**What the exercise asks:** Down to the final line, write out the material beneath exactly, without pictures.

**Given data:**
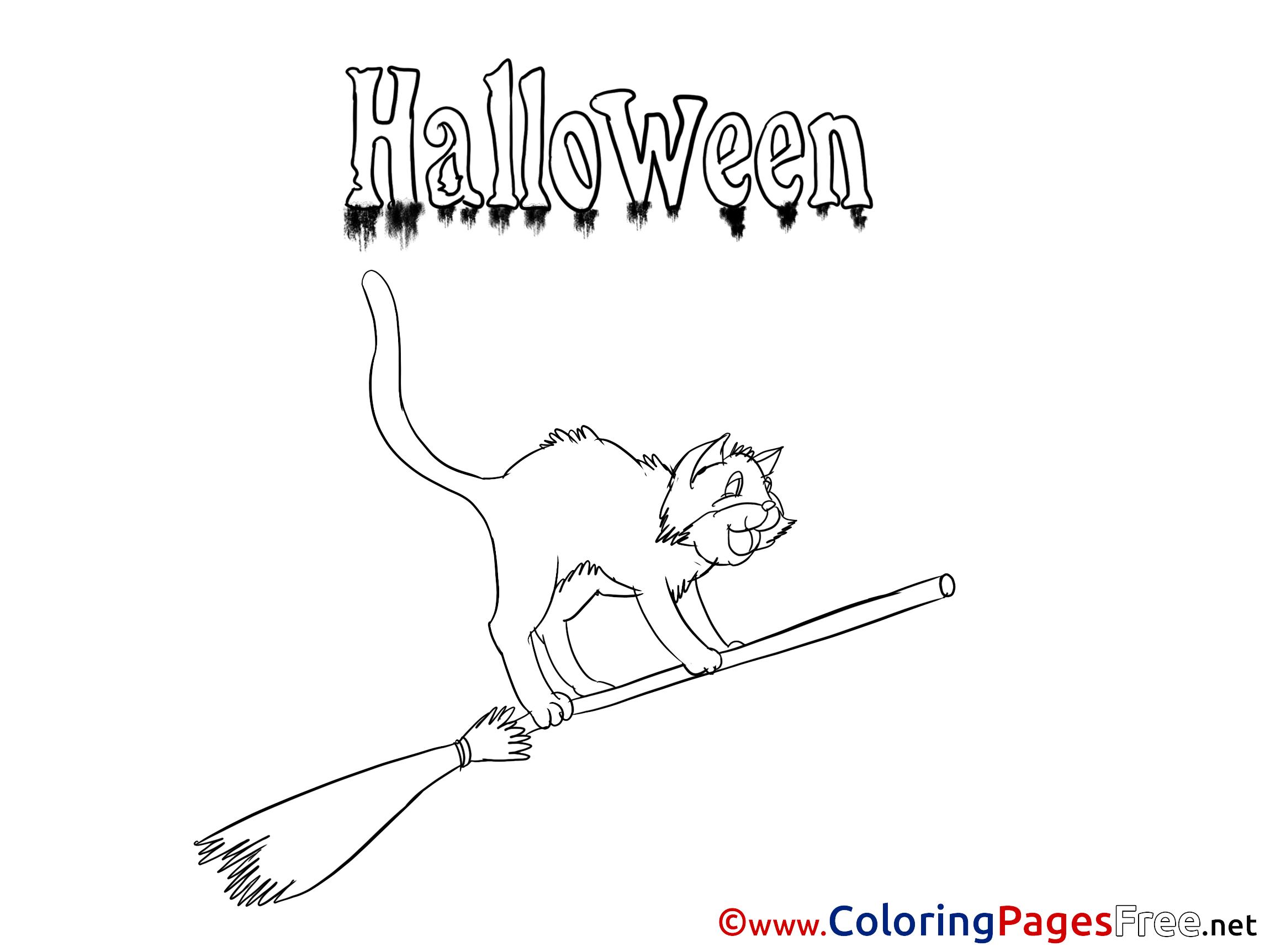 Free Cat on Broom Halloween Coloring Sheets
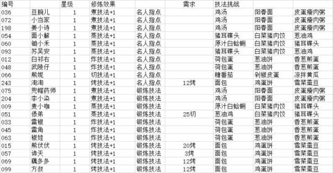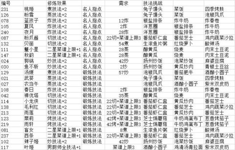 倒数第四列是什么呢?是将三道菜谱做到神级还需要补上的技法值,大多需要靠厨具才能补齐,但仔细观察我们就会发现,部分厨师缺少的技法值完全可以靠修炼获得,不需要碎原有的厨具,也就是说提前修炼一部分厨师会给后面的修炼提供帮助,我们的修炼思路就从这里出发。
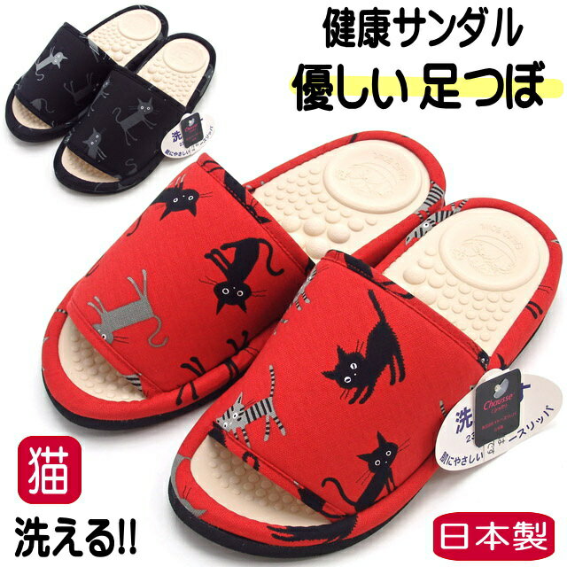 【10%クーポン 27日1:59まで】 スリッパ 猫 足つぼ レディース 健康サンダル オフィス サンダル サラダボール アニマル 日本製 ねこ ネコ 猫好き 猫柄 猫雑貨 猫グッズ 女性 かわいい おしゃれ ギフト プレゼント 【 誕生日 】
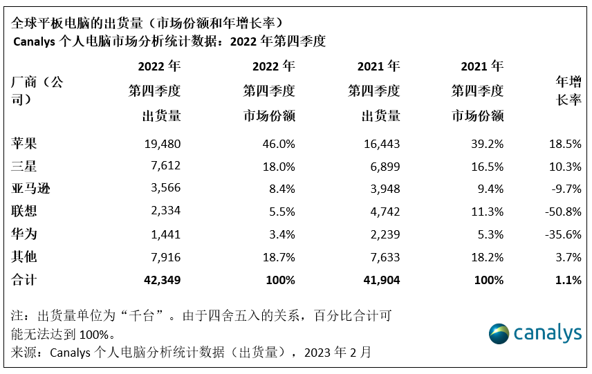 Canalys分析师Himani Mukka表明:“虽然经济状况不佳,但对平板电脑的需求依然相对健康。头部厂商苹果经过推出新的高端产品,协助推进商场全体增加。这表明顾客将对有吸引力的立异产品给出活跃回应。第四季度,在消费范畴,厂商和零售商在节日季推出大幅扣头和促销活动,顾客的预算也有所增加。而在商用范畴,企业和政府都对IT开销采取了愈加慎重的情绪,放置了一些包含平板电脑收购在内的数字化转型方案。”
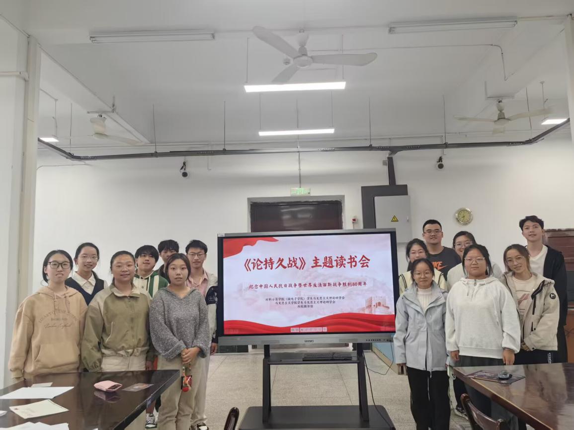 10月18日,为纪念中国人民抗日战争暨世界反法西斯战争胜利八十周年,让同学们深入领悟经典著作的时代价值,成人影视片 (微电子学院)、马克思主义学院学生马克思主义理论研学会在西院图书馆举办“重读经典,论道持久”——《论持久战》主题读书会,西院图书馆吕静平老师及两院师生共同参与。

**Solution to this problem:**
 Free Cat on Broom Halloween Coloring Sheets
 倒数第四列是什么呢?是将三道菜谱做到神级还需要补上的技法值,大多需要靠厨具才能补齐,但仔细观察我们就会发现,部分厨师缺少的技法值完全可以靠修炼获得,不需要碎原有的厨具,也就是说提前修炼一部分厨师会给后面的修炼提供帮助,我们的修炼思路就从这里出发。
 【10%クーポン 27日1:59まで】 スリッパ 猫 足つぼ レディース 健康サンダル オフィス サンダル サラダボール アニマル 日本製 ねこ ネコ 猫好き 猫柄 猫雑貨 猫グッズ 女性 かわいい おしゃれ ギフト プレゼント 【 誕生日 】
 Canalys分析师Himani Mukka表明:“虽然经济状况不佳,但对平板电脑的需求依然相对健康。头部厂商苹果经过推出新的高端产品,协助推进商场全体增加。这表明顾客将对有吸引力的立异产品给出活跃回应。第四季度,在消费范畴,厂商和零售商在节日季推出大幅扣头和促销活动,顾客的预算也有所增加。而在商用范畴,企业和政府都对IT开销采取了愈加慎重的情绪,放置了一些包含平板电脑收购在内的数字化转型方案。”
 10月18日,为纪念中国人民抗日战争暨世界反法西斯战争胜利八十周年,让同学们深入领悟经典著作的时代价值,成人影视片 (微电子学院)、马克思主义学院学生马克思主义理论研学会在西院图书馆举办“重读经典,论道持久”——《论持久战》主题读书会,西院图书馆吕静平老师及两院师生共同参与。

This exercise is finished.